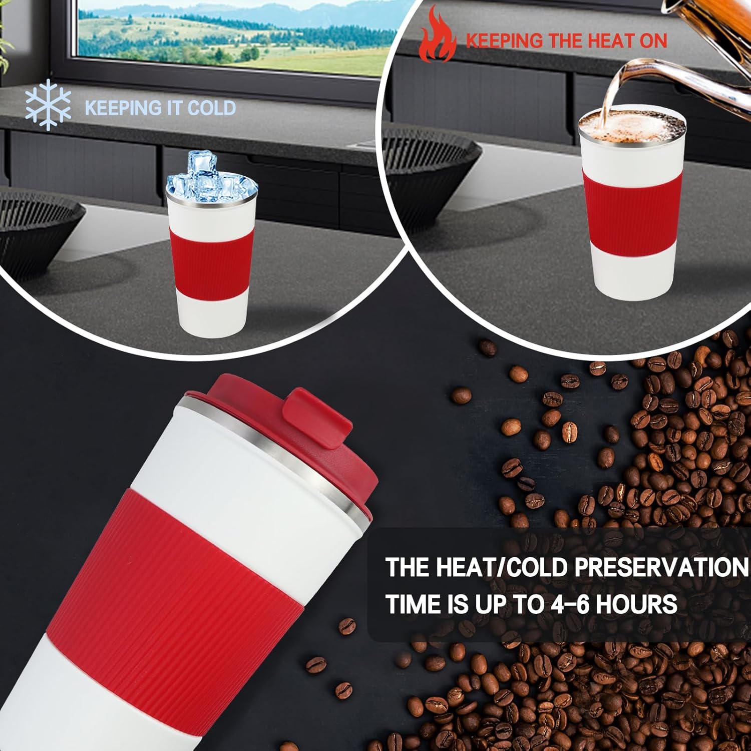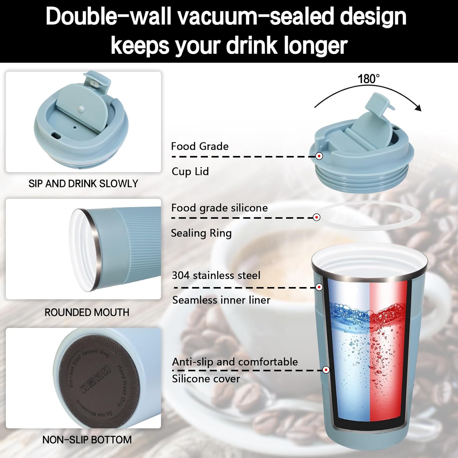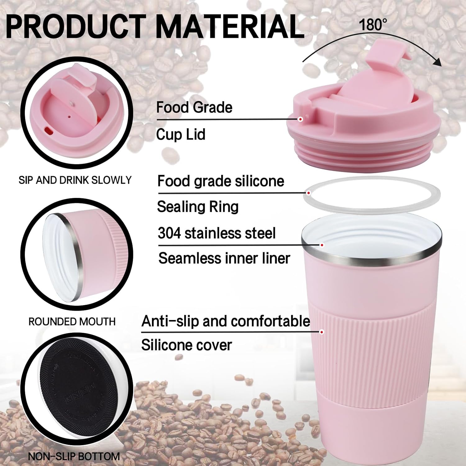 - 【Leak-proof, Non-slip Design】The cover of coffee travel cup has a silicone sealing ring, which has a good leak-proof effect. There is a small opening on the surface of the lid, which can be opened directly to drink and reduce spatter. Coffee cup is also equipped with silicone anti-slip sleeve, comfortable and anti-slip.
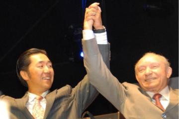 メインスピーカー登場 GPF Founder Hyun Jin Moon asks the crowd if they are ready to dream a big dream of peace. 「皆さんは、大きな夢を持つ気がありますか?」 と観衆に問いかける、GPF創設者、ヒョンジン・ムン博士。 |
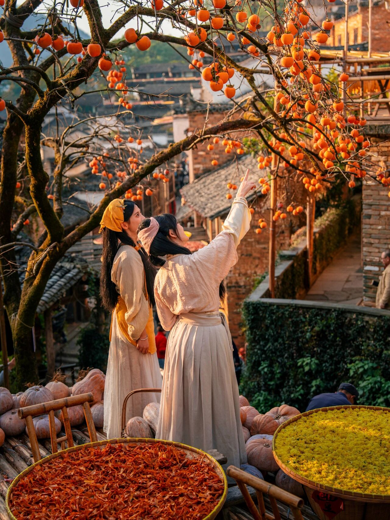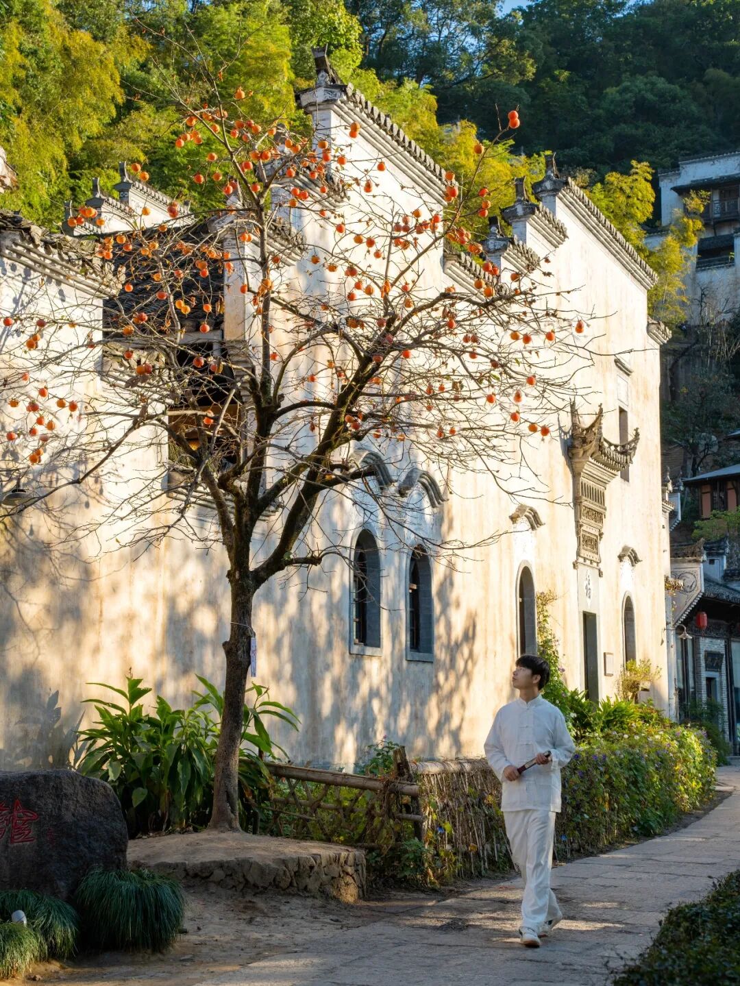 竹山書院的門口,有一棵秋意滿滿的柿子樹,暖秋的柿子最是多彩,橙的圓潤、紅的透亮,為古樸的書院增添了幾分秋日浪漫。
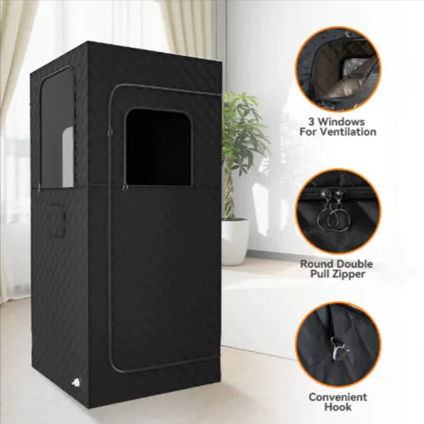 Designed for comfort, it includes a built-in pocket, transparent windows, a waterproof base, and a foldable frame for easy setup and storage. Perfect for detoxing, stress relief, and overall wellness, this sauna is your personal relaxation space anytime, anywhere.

▶ [Task item]
Do not include the pictures. Quote only the lines from the line with "竹山書院的門口,有一棵秋意滿" through the end of the material, both ends included, exactly.

▶ [Exercise response]
 竹山書院的門口,有一棵秋意滿滿的柿子樹,暖秋的柿子最是多彩,橙的圓潤、紅的透亮,為古樸的書院增添了幾分秋日浪漫。
 Designed for comfort, it includes a built-in pocket, transparent windows, a waterproof base, and a foldable frame for easy setup and storage. Perfect for detoxing, stress relief, and overall wellness, this sauna is your personal relaxation space anytime, anywhere.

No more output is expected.